2. A gestão da Educação continua entregue ao acaso, desconcertada, cabendo a iniciativa à AR e tornando claro que o PS não tem problemas identificados e prioridades estabelecidas. Primeiro foram abolidos os exames nacionais de Matemática e Português do 1º ciclo do ensino básico, na manhã seguinte à tomada de posse do Governo, cujo programa não continha tal medida. E, surpreendentemente, os deputados do PS votaram à revelia do seu próprio programa de Governo. Seguiu-se a extinção da Prova de Avaliação de Capacidades e Conhecimentos (PACC), com a aprovação dos projectos de lei do BE e do PCP. Os deputados do PS voltaram a votar contra o programa de Governo, que apenas postulava a suspensão da prova, “procedendo à reponderação dos seus fundamentos, objetivos e termos de referência”. Apenas um deputado, Paulo Trigo Pereira, se absteve, depois de ter defendido publicamente a PACC (Público de 7.12.15) com uma imprecisão de monta. Com efeito, depois de invocar a alta qualidade do respectivo sistema de ensino, afirmou que a Finlândia tem uma prova semelhante. Mas a verdade é que não tem. E basta ler o texto que o próprio citou para verificar que confundiu um exame rigoroso de fim de secundário e entrada na universidade com um exame aplicado a quem detém um grau académico de mestre, pelo menos, e um título profissional de professor.

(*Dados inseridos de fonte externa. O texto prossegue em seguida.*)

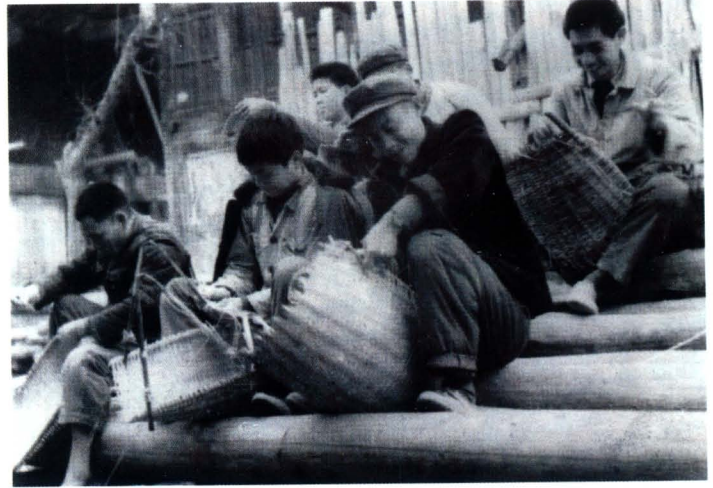
自力更生修钟灵水库
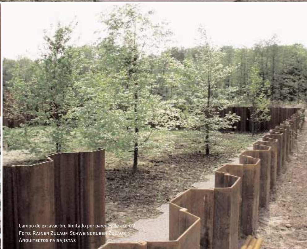
Campo de excavación, limitado por paredes de acero
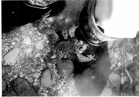
図4 長靴に抱接しようとするナガレヒキガエル

No primeiro debate em que António Costa participou como primeiro-ministro, Paulo Portas perguntou-lhe se acabariam os exames dos 6.º e 9.º anos. Costa mandou-o ler o programa de Governo, afirmando que o mesmo era “muito claro quanto às provas que serão mantidas”. Costa errou. Costa mostrou desconhecer o programa do seu próprio Governo, que nada diz sobre as provas que serão mantidas ou eliminadas, apenas referindo a intenção de reavaliar a sua realização. E, cereja no topo do desconcerto, na manhã desse mesmo dia, o ministro da Educação havia garantido que não seriam tomadas decisões sobre os exames sem ser ouvida a comunidade educativa.

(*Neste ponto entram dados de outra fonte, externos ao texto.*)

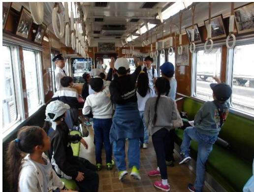
↑能勢電鉄でのMM教育事業

Perante o apagamento do Ministério da Educação, com a AR a substituir o Governo, seguem-se mais duas iniciativas da Oposição, sobre as metas e o financiamento do ensino privado. Enquanto isto, na Universidade de Coimbra contratam-se bolseiros como cobradores de propinas, há unidades de investigação sem dinheiro para funcionarem, a incompetente direcção da Fundação para a Ciência e a Tecnologia, responsável pelo vergonhoso processo de avaliação das unidades de investigação e desenvolvimento continua em funções (como, aliás, substancial parte das chefias apostadas em se oporem a uma efectiva mudança política) e a primeira iniciativa do Ministro da Ciência, Tecnologia e Ensino Superior foi pedir à OCDE que, daqui a 18 meses, faça o favor de nos comunicar o que decidiu sobre o nosso futuro!